An atomic operation AddIndGet (winKey, currWindow. Changes) is adopted to acquire a count value after accumulating a request newly added by the local operation from the last synchronous operation:

remoteCurrWindow.count＝remoteCurrWindow.count+currWindow.changes

the behavior atom operates the realization of the remote memory database AddIndGet.

After the memDb is updated, the local currWindow is also updated, so that this instance sees the cumulative count value of all distributed instances of the flow control window related to this Res:

currWindow.count＝remoteCurrWindow.count；

currWindow.changes＝0。

Claims (9)

1. a low-delay distributed flow control method suitable for a securities trade system is characterized in that the method is characterized in that

For each resource instance Res, a current limiter is respectively arranged, and the current limiter comprises a current window currWindow and a forward window prevWindow;

if the current time now is smaller than the time openTime for allowing the single request to pass next time, rejecting the current request;

if the current time now is greater than or equal to the time openTime for allowing the single request to pass next, allowing the current request to pass, and recalculating the time openTime for allowing the single request to pass next according to a time processing method, and simultaneously updating a request count value currWindow. Count and a newly added request meter value currWindow. Changes of the current window currWindow, wherein both the current window currWindow and the forward window prevWindow are provided with time spans timedpan, and the time spans timedpan are internally provided with a flow control value limit;

the forward window prevWindow comprises a starting time prevWindow. Start and a request count value prevWindow. Count;

the current window currWindow comprises a starting time currWindow. Start, a request count value currWindow. Count and a new request count value currWindow. Changes.

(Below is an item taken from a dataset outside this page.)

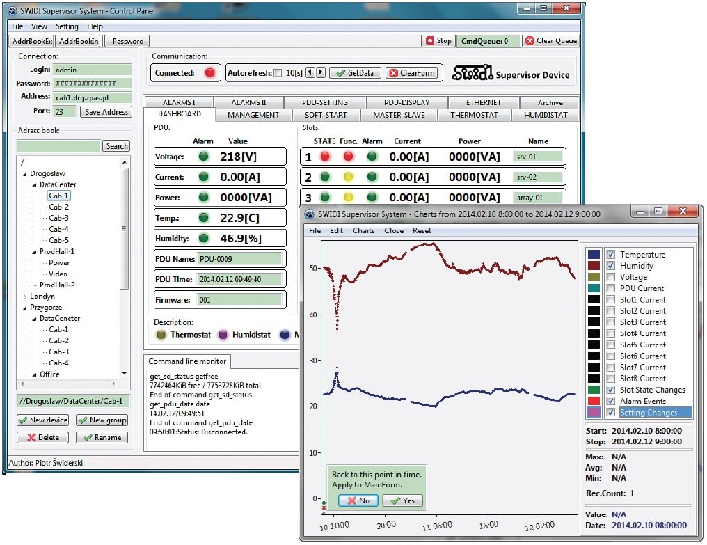 In the era of globalization, data communication devices and people who manage them are often miles apart, while the devices themselves are scattered over great areas, creating locally smaller and larger systems. To make remote managing of data communication infrastructure with MPSM-S1 devices as convenient as possible, we created Windows-dedicated software. Using a built-in address book, the software connects to a specific MPSM-S1 device to perform configuration, retrieve and save data. This way, you can manage and control large systems from a single location. The application consists of tabs containing all the functions of the MPSM-S1. The first tab – DASHBOARD – is the instrument panel which contains the key parameters measured by the device. The panels include also the ARCHIVE tab with filters that you can use to download and view historical data, such as measurements, events, alarms, configuration changes. You can generate as many windows with historical data as you want so you can compare the data in various configurations based on selected filters. Data can also be exported to a CSV file and then imported into Excel, for example. The application has a "back to the past" feature where you can select any point on the archives diagram to go back to that moment in time to see measurements, events, alarms and configuration. The data will be presented in the main application as if they were happening right at this moment. MPSM-S1 supports SNMP protocol in read mode. The software comes with an SNMP tree model as a MIB file which can be imported into your control systems. The device also supports TRAP, meaning it sends alarm and event notifications to predefined servers. Codes and descriptions of TRAPs are included with the software.

2. The method of claim 1, wherein the value of the time span time is set to 2-N times the value of the interval between the synchronization window count and the memory database instance memDb, N being a positive integer greater than or equal to 2.

3. The low latency distributed flow control method for securities trading systems of claim 1, wherein the start time of the current window currWindow and the start time of the forward window prevWindow are aligned to the boundary of the time span by:

t=t-t%timeSpan；

wherein t is the starting time of the current window currWindow or the starting time of the forward window prevWindow.

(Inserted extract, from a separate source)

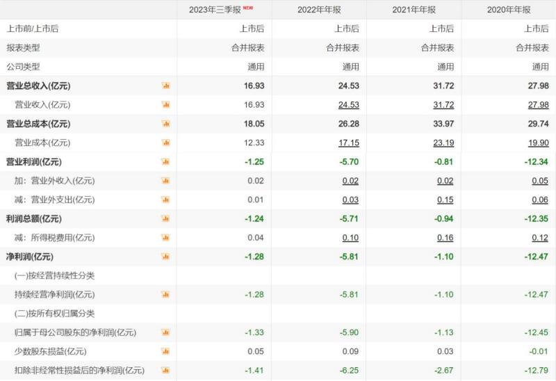 近几年,在实控人遭遇困境的同时,旋极信息也陷入经营业绩欠佳之中。2020年至2022年各年度,旋极信息的营业收入分别为27.98亿元、31.72亿元和24.53亿元,2023年前三季度营业收入为16.93亿元,呈波动下滑的趋势;同期净利润连续亏损,分别为-12.47亿元、-1.10亿元、-5.81亿元和-1.28亿元,净利润亏损金额在营业收入中的占比相当大。

4. The low-latency distributed flow control method for securities trading system according to claim 1, wherein if the boundary now start of the current time for the time span is equal to currWindow. Start+time span, saving the data of the current window currWindow into the forward window prevWindow and resetting the current window currWindow;

if the boundary nowStart of the current time for the time span is greater than currWindow. Start+time span, the forward window prevWindow and the current window currWindow are reset.

5. The low latency distributed flow control method for a securities trading system of claim 1, wherein the time processing method obtains the next time openTime to allow a single request to pass by:

openTime=currWindow.start+timeSpan–((limit-currWindow.count-1)/prev.count)*timeSpan。

6. the method of claim 1, wherein the request count value currWindow. Count and the newly added request count value currWindow. Changes of the current window currWindow are updated and then asynchronously updated to the memory database instance memDb.

7. The method of claim 6, wherein the counting update operation of the memory database instance memDb is performed if the last asynchronous update count time lastUpdateTime distance has exceeded interval.

8. The method of claim 7, wherein the counting update of the memory database instance memDb is implemented by a remote memory database method addandbet.

9. The method of claim 7, wherein the local current window currWindow is updated after the count update operation of the memory database instance memDb is completed.